8. Deborah A. Hart and Harold J. Geiger, Alaska Department of Fish and Game, Commercial Fisheries Management and Development, Juneau, Alaska

Alaska Department of Fish and Game's Bendix Replacement Project

The salmon management strategy of the Alaska Department of Fish and Game is to achieve specified ranges of annual escapements for each stock or run. Measures of escapement and in-season abundance estimates are key components to this strategy. Since many streams in Alaska are laden with Glacial silt and too turbid for visual counting techniques an acoustical means for acquiring abundance estimates was developed for these systems. During the 1960's, the Department along with Bendix Electrodynamics Corporation developed sonar techniques and equipment for counting upmigrating adult salmon. These techniques and equipment were improved upon and even now, decades later, these matured Bendix systems are still in use on many of Alaska's highly valued commercial salmon streams. Within recent years, improvements in digital and computer technology has enhanced the field of riverine hydroacoustics. New techniques and equipment for detecting and analyzing fish echoes has become available.

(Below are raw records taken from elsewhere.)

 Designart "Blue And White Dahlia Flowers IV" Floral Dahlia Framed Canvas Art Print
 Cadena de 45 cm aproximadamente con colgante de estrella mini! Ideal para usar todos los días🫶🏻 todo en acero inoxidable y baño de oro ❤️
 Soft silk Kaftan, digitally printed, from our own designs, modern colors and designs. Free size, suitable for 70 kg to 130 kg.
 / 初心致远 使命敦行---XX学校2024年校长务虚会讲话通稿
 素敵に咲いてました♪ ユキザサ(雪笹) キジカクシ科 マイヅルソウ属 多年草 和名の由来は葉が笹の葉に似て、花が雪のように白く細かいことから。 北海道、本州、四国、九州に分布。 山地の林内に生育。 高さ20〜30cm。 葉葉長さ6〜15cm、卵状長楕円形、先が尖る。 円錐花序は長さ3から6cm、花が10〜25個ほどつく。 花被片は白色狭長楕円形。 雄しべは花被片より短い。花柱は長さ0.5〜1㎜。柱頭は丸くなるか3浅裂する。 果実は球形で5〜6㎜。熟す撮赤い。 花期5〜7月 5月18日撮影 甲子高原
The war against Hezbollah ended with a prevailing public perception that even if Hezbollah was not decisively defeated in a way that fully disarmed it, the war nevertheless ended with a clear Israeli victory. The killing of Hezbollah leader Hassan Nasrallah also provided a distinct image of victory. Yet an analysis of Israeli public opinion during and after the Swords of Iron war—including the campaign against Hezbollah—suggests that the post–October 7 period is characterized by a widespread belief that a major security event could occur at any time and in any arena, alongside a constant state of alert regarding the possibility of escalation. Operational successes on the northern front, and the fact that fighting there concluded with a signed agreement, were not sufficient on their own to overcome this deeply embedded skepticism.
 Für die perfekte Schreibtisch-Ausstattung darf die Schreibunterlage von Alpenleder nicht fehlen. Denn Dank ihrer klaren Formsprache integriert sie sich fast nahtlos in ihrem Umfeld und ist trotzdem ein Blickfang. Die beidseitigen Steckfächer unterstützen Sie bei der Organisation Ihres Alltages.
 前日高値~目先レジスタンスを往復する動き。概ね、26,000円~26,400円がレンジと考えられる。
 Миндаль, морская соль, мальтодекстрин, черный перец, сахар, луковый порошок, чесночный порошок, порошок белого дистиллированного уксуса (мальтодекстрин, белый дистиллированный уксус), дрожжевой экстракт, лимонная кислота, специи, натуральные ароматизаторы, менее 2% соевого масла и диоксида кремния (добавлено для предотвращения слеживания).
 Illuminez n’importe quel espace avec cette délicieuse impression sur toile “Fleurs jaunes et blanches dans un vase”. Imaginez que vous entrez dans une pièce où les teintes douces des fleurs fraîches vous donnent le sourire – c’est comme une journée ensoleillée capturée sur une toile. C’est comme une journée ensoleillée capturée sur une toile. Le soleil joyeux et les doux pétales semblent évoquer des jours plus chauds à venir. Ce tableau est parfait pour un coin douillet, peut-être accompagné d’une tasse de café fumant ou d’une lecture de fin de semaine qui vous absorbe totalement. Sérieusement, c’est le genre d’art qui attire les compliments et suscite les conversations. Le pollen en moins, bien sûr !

Currently, the State has integrated both dual and split beam sonar in river systems such as the Yukon and Kenai. Since growth and expansion will continue to occur, the Department is developing protocols for integrating newer hydroacoustic developments into the State's riverine sonar program. In March of 1997, the Department hosted the Riverine Sonar Workshop and invited experts in the fields of hydroacoustics and fish behavior to join in discussions about the development of a new riverine sonar system and procedures for the State of Alaska. As a result of this meeting and subsequent discussions, the Department began the Bendix Replacement Project and issued a Request for Proposal for development of a new riverine sonar system. The Department awarded the system development contract to BioSonics, Inc. and established various review contracts with the University of Washington's Applied Physics Laboratory and the University of Alaska Fairbanks. The first field season of the project was completed during the summer of 1998. On going reviews of the new system and the development project are currently in progress.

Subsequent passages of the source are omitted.